Selasa, 05 Juli 2016

Fatwa untuk transgender di Pakistan


Pakistan bukan termasuk negara yang ikut dalam keriuh-rendahan ketika persamaan hak LGBT menjadi bahan pembicaraan hangat. Tetapi dibalik ketenangannya sebenarnya Pakistan telah mulai memberikan persamaan hak untuk salah satu unsur dalam LGBT yaitu Transgender di tahun 2012 dalam penerimaan warisan. Setahun sebelumnya juga diberikan hak untuk ikut dalam pemilu untuk transgender

Dan kini sekelompok ulama dari Pakistan bernama Tanzeem Ittehad-i-Ummat mengatakan bahwa transgender diperbolehkan menikah selama dalam rambu rambu tertentu. Transgender yang memiliki indikasi fisik pria diperbolehkan menikah dengan transgender yang memiliki indikasi fisik wanita. Pria ataupun wanita normal juga diperbolehkan menikah dengan transgender yang memiliki indikasi fisik yang jelas dan lawan jenis dari calon pengantinnya.

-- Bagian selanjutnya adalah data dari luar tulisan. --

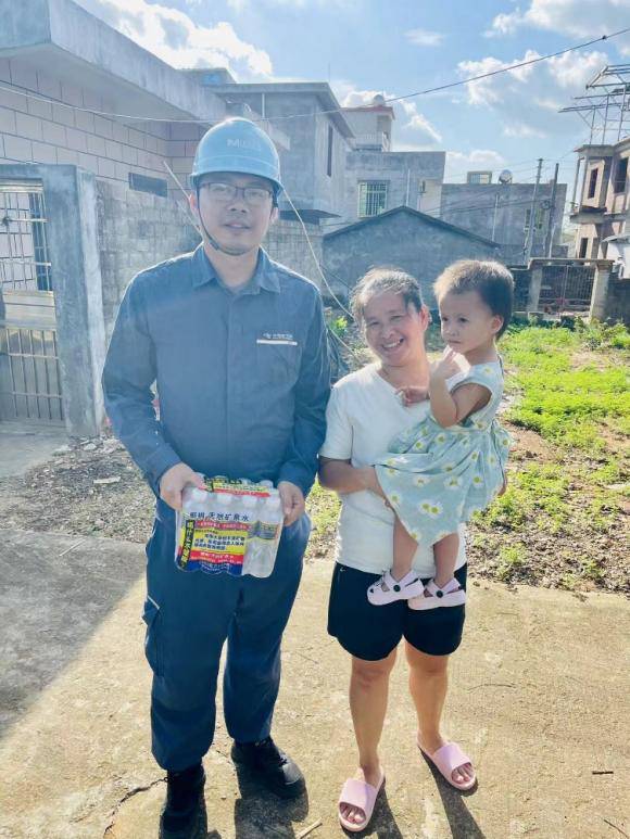 “這么熱的天你們還一直暴曬在太陽底下忙著幫我們通電,你們要多喝水防止中暑,要多吃點東西,不要餓著肚子干活”9月18日下午,在海南省澄邁縣金馬大道新村仔農(nóng)場的搶修現(xiàn)場,熱心的村民大姐左手抱娃右手提著礦泉水和八寶粥送到搶修人員的手中,搶修隊員跟大姐握手表示感謝。這一幕溫馨的場景,是公司搶修隊伍與當(dāng)?shù)厝罕姷摹半p向奔赴”,彰顯了電力施工企業(yè)與人民之間深厚的魚水情誼。在困難與挑戰(zhàn)面前,他們攜手并肩,共同譜寫了一曲動人的贊歌。

Selain itu transgender juga dinyatakan untuk berhak atas warisan dalam hukum islam dan diperbolehkan untuk dimakamkan dalam upacara islam. Fatwa ini ditanda tangani oleh 50 ulama di Pakistan dan diumumkan dibulan puasa kemarin

Detail tata laksana dalam keseluruhan hal ini masih tidak terlalu jelas sih. Karena sebenarnya transgender juga masih sering menjadi bahan olok olok, diskriminasi hingga kekerasan di Pakistan sendiri. Tapi di dalam fatwanya jelas disebutkan bahwa merendahkan dan melecehkan transgender jelas salah di dalam hukum shariah

"Menyebutkan hal hal tidak pantas terhadap transgender, mempermainkan mereka, menggoda mereka atau memikirkan bahwa mereka lebih rendah dari yang lain adalah bertentangan dengan hukum shariah, karena perbuatan itu seolah olah tidak menghormati ciptaan Allah, yang jelas sudah salah hukumnya", kata fatwa tersebut

Jadi ingat mengenai pesantren transgender di Yogya yg dipaksa tutup yah. Coba mereka mendapatkan dukungan seperti ini juga.